Pack Up Your Troubles is a 1940 British second feature ('B') comedy film directed by Oswald Mitchell and starring Reginald Purdell, Wylie Watson and Patricia Roc. It was written by Milton Hayward, Reginald Purdell and Con West.

It takes its name from the First World War marching song "Pack Up Your Troubles in Your Old Kit-Bag".

==Plot==
Garage owner Tommy and ventriloquist friend Eric join the army and travel to France, where they are captured by the Nazis. However, Eric's voice-throwing skills come in handy in engineering their escape and in obtaining top secret information.

==Cast==
- Reginald Purdell as Tommy Perkins
- Wylie Watson as Eric Sampson
- Patricia Roc as Sally Brown
- Wally Patch as Sgt. Barker
- Muriel George as Mrs. Perkins
- Ernest Butcher as Jack Perkins
- Manning Whiley as Muller
- G. H. Mulcaster as Col. Diehard

==Box office==
According to Kinematograph Weekly the film "held its own" at the British box office in August 1940.

==Critical reception==
The Monthly Film Bulletin wrote: "The title expresses the whole spirit of this film, which is cheerful, light-hearted nonsense. The somewhat ordinary story is redeemed by excellent acting and the two principals, Reginald Purdell and Wylie Watson, are extremely funny."

Picturegoer wrote: "It is ingenuous stuff, with a mixture of song, sentiment and patriotic conviction. Reginald Purdell and Wylie Watson are quite good as the pals and Patricia Roc makes a pretty heroine. Wally Patch is on his best form as the inevitable bullying sergeant.
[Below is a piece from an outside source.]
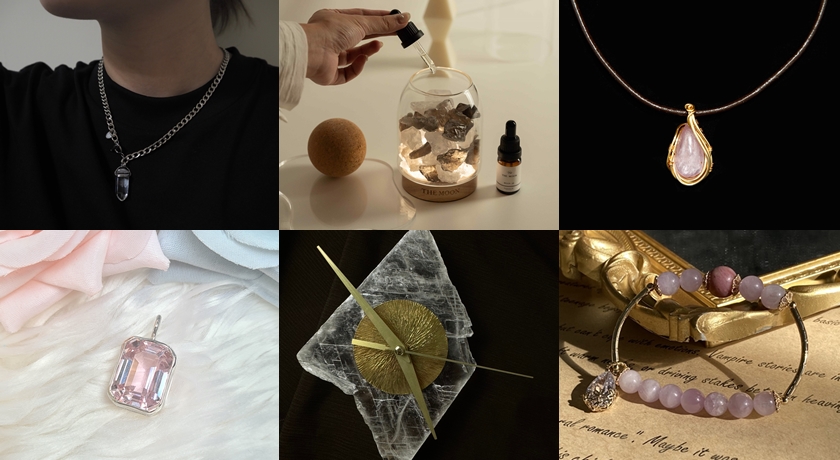 水晶的選擇繁多,大多數人喜歡將水晶幻化成配件佩戴於身,而不同顏色的水晶也代表多面向的保護意義。粉紫色調的紫鋰輝石近年成為焦點。亞洲跨境設計購物平台Pinkoi上的鉍元素SBI,其紫鋰輝流線纏繞墜,以金屬線條包覆礦石,讓溫柔色澤與俐落輪廓形成對比;Atlantis Crystal City推出的薔薇輝石、紫鋰輝水晶手鍊,透過粉色礦石堆疊展現細膩光感;charissagemstone粉紅色鋰紫玉純銀鍍鉑吊墜則以切割面強化晶體折射效果,適合日常簡約穿搭。偏好中性風格者,可選擇MODOMODO白水晶古巴項鍊,以鍊條結構平衡礦石清透質地;而Crystal LaVie白水晶拉長石月亮石手鍊,則透過多種透明礦石交錯排列,在手腕間形成柔和光帶。
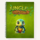 Personalise the back cover of this adorable "Jungle Welcome" notebook! Whimsical baby box turtle cartoon graphic animal character on a forest green background. This design is perfect for tortoise lovers, safari woodland nature wildlife fans, and anyone who enjoys cute, cosy zoo vibes.

As burlesque German officers, Meinhart Maur and Manning Whiley are good."

TV Guide called it a "Lightweight comedy worth watching for Purdell's and Watson's nice comic performances."

Sky Cinema wrote, "Not the Laurel and Hardy comedy of the same name but a British romp from the war years, which gave character kings Wylie Watson (best-known for his 'Mr Memory' in Hitchcock's The 39 Steps) and Reginald Purdell a rare chance to blossom into leading roles. They're pretty funny together, too. The story's routine, but the leading lady is a very young and pretty Patricia Roc and some good old music-hall songs include Roll Out the Barrel, Pack Up Your Troubles and Goodbye Sally. Cheerful nonsense."